Hay una gran diferencia entre la idealizaciónde un padre porque el niño está sumido en desesperación y la idealización porque el niño está en la búsqueda de una salida para los sentimientos de temor reverencial y veneración. En el último caso, el problema se centra en la frustración y en la incapacidad para tolerar la frustración de una parte fundamental de la conformación de un paciente en particular. Esto es probable que suceda si el paciente es capaz de amor y admiración en un grado sobresaliente; en el primer caso, la paciente puede no tener una capacidad particular para el afecto, pero sí tener una gran avidez por ser su receptor. La respuesta a la pregunta - ¿cuál de estos es? - no se encontrará en ningún libro de texto, sino sólo en el proceso del psicoanálisis mismo. (pg. 292)

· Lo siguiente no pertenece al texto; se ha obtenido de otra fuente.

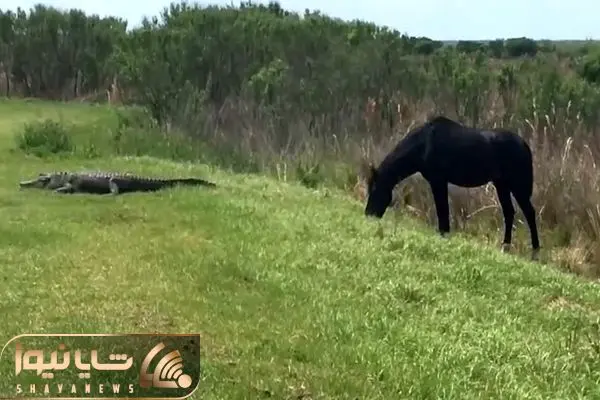 از جذابیت های حیات وحش؛ اسب وحشی یهووو رَم کرد و یه بارانداز به تمساح شوربخت زد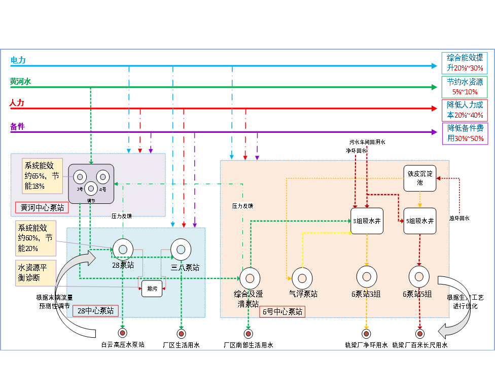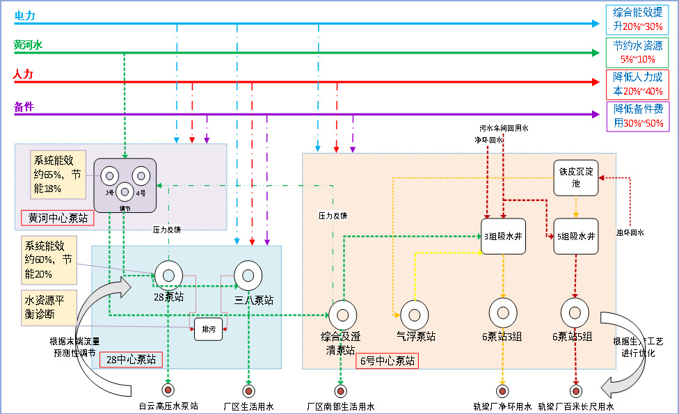 根據工藝用水規律和用水指標,實時調整水系統的供水及水的轉換,既節約能耗又提升工藝品質。

Es esto último lo que me preocupa aquí: que podría ser posible ver la adicción como una perversión de la búsqueda de veneración y temor reverencial. Los momentos excluidos en el texto son como exclusiones psíquicas que impiden la búsqueda de un objeto estético. El fracaso en encontrar esa salida para los sentimientos de temor reverencial y veneración puede pervertirse en una adicción a las experiencias "proto-estéticas". Este puede ser el cimiento de una búsqueda en la que estamos embarcados - nuestras búsquedas personales de experiencias que nos llenan de admiración. En la ausencia de un otro pensante, este vacío puede convertirse en un vacío envolvente que es intolerable.

Referencias
Bion, W.R. (1992), Cogitations. London: Karnac.
Flaubert, G. (1856), Madame Bovary. London: Penguin, 1992.
Keats, J. (1819), Ode on a Grecian Urn, the Eve of St. Agnes: And Other Poems with Biographical Sketch, Introduction and Notes. Boston: Houghton Mifflin Co, 1915.
Meltzer, D. (1975), Adhesive identification. Contemporary Psychoanalysis, 11:289-310.
Meltzer, D. (1986), Studies in Extended Metapsychology. London: Karnac.
Sodre, I. (2015), Imaginary Existences: A Psychoanalytic Exploration of Phantasy, Fiction, Dreams and Daydreams. London: Routledge.
 

[NdaT]: El título en inglés del presente artículo es “Psychic Foreclosures”. Dada las diversas traducciones del término “foreclosures”, se realizó un rastreo para deliberar, si el mismo tenía vinculación con el término lacaniano forclusión, o con el concepto de Marcia James traducido como “hipoteca”, o con otros. Finalmente, para ser fiel a la intención de la autora, se realizó una consulta con la misma, quien terminó eligiendo la traducción de “exclusión” que es la que finalmente aparece en el título del presente artículo.
[1]Todas las traducciones de los textos citados fueron realizadas por el traductor de este texto.